Monday, Oct. 5, 2009 | Your attention to Fire Prevention (Keegan Kyle, 9/24/09) is commendable. Wildfire property losses have proven to be far lower when homeowners take responsibility — to build, retrofit, and maintain houses to current building codes for structures in fire-prone areas, and to maintain landscaping and thin vegetation in their “defensible space.”

Yet often the entire focus has been on brush management — by homeowners, fire departments, and communities. It is only part of the fire prevention program, and often the least important when the wildfire arrives. Wildfire damage assessments have shown that most structures ignite from embers landing in or on combustible materials of a house (entering the attic through unprotected vents, or on a wood roof), or from radiation created by burning vegetation or other combustible materials adjacent to the house. An ember may land in an un-pruned juniper shrub and ignite it; if the juniper is close to the wood siding or under the wood eaves or next to a single-pane window, the radiation heat of the burning shrub is likely to ignite the structure. As most embers are generated from burning houses, fan palms, and vegetation carried long distance by high winds, firefighters agree that structures are not “safer” if more than 100 feet of defensible space is maintained.
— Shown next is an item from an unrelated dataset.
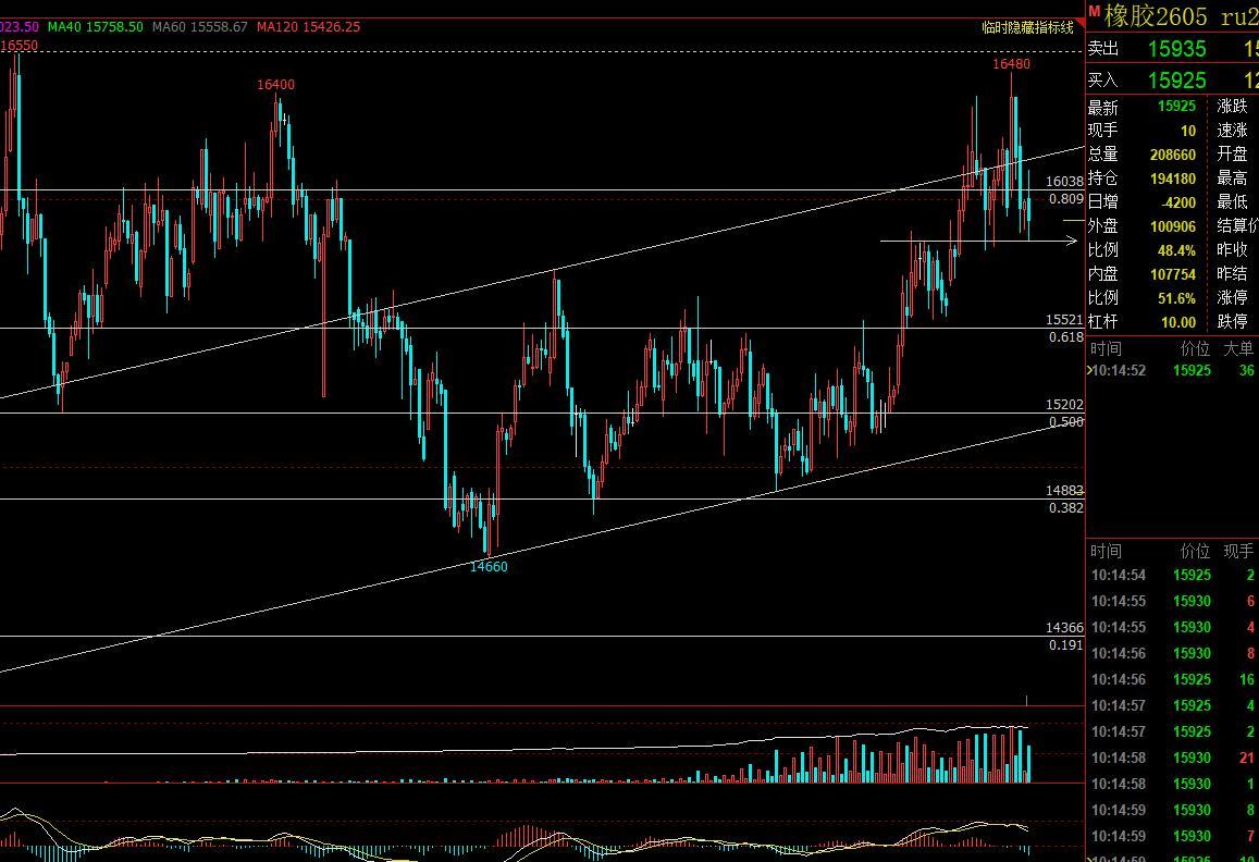 天然橡胶: 近期天然橡胶市场处于“强预期、弱现实”的博弈之中,价格维持高位震荡。强预期源于供应与政策:主产区进入低产期,供应收紧预期提供底部支撑,同时市场对宏观政策抱有期待。弱现实则体现在库存与需求:国内青岛及全国社会库存持续攀升,青岛地区天然橡胶库存持续增长,环比增幅达3.62%-4.79%,累库压力明显压制价格上行。 在预期与现实的相互制约下,短期市场预计延续震荡格局。橡胶期货2605合约,当前交易思路宽幅震荡,上方压力还是集中16500一带,下方支撑短线15800一线, 其次重要支撑15600/700区域。

The recent emphasis on fuel reduction risks excessive removal of native chaparral and coastal sage scrub; over-pruning and mortality of shrubs; erosion and stormwater runoff; invasive and flammable weeds; and loss of many native animals. Misguided codes prohibit native plants in landscaping, yet many natives are often more drought-tolerant, grow slower, and retain more moisture in hot, dry Santa Ana winds. When codes require excessive tree pruning and tree removal, urban tree owners and communities lose out on aesthetic, shade, energy-saving, environmental, and economic values of trees. These measures miss the mark, as recent wildfire damage assessments have shown, again and again, that homes survive when maintained to remove places for embers to ignite on or in the structure.